Like them we too – during Lent and especially Holy Week – have been pondering our Saviour’s Passion and death and the sinful state of our own souls in the sight of God.  The song of Alleluia was stilled and the flowers taken away.  And now all of a sudden the whole scene is transformed by the Resurrection of Our Lord Jesus Christ – that public proclamation of his victory over evil and over death – and all is bright and joyous, just as all was bright and joyous for the apostles that first Easter Day.

Their twofold despair – at the way evil seemed to have got the better of both their Master and themselves – that despair was swept irresistibly away.  It now dramatically dawned on them that the Crucifixion, the ultimate weapon of the forces of evil, had been turned against those very forces by Our Lord; for he had used it to expose their utter failure to accomplish his moral and spiritual downfall.

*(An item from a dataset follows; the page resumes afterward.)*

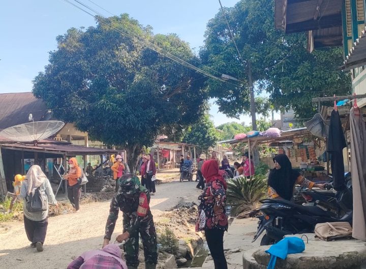 Tapteng -Babinsa Koramil 02/Sorkam Kodim 0211/TT.Serda.Rudson Aritonang. bersama dengan warga melaksanakan gotong royong bersama di sekitaran jalan...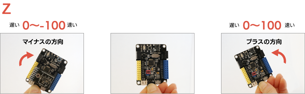 動くスピードが遅いと0に近く、速いと100に近い数字になり、軸ごとにプラスの方向とマイナスの方向の傾きがあります。

They had striven to disrupt his hitherto undisturbed relationship with God by shattering both his love for his Heavenly Father for willing that he should suffer, and also his love for sinful humankind with whose salvation that suffering was inseparably linked.  Yet in the end what the Crucifixion actually accomplished was to reveal that his twofold love was unconquered and unconquerable in spite of all that evil could do to him.  So the powers of evil fell back baffled and broken, like a wild and stormy sea, which having spent all its fury in vain against a mighty rock, sinks and ebbs with the ebbing tide.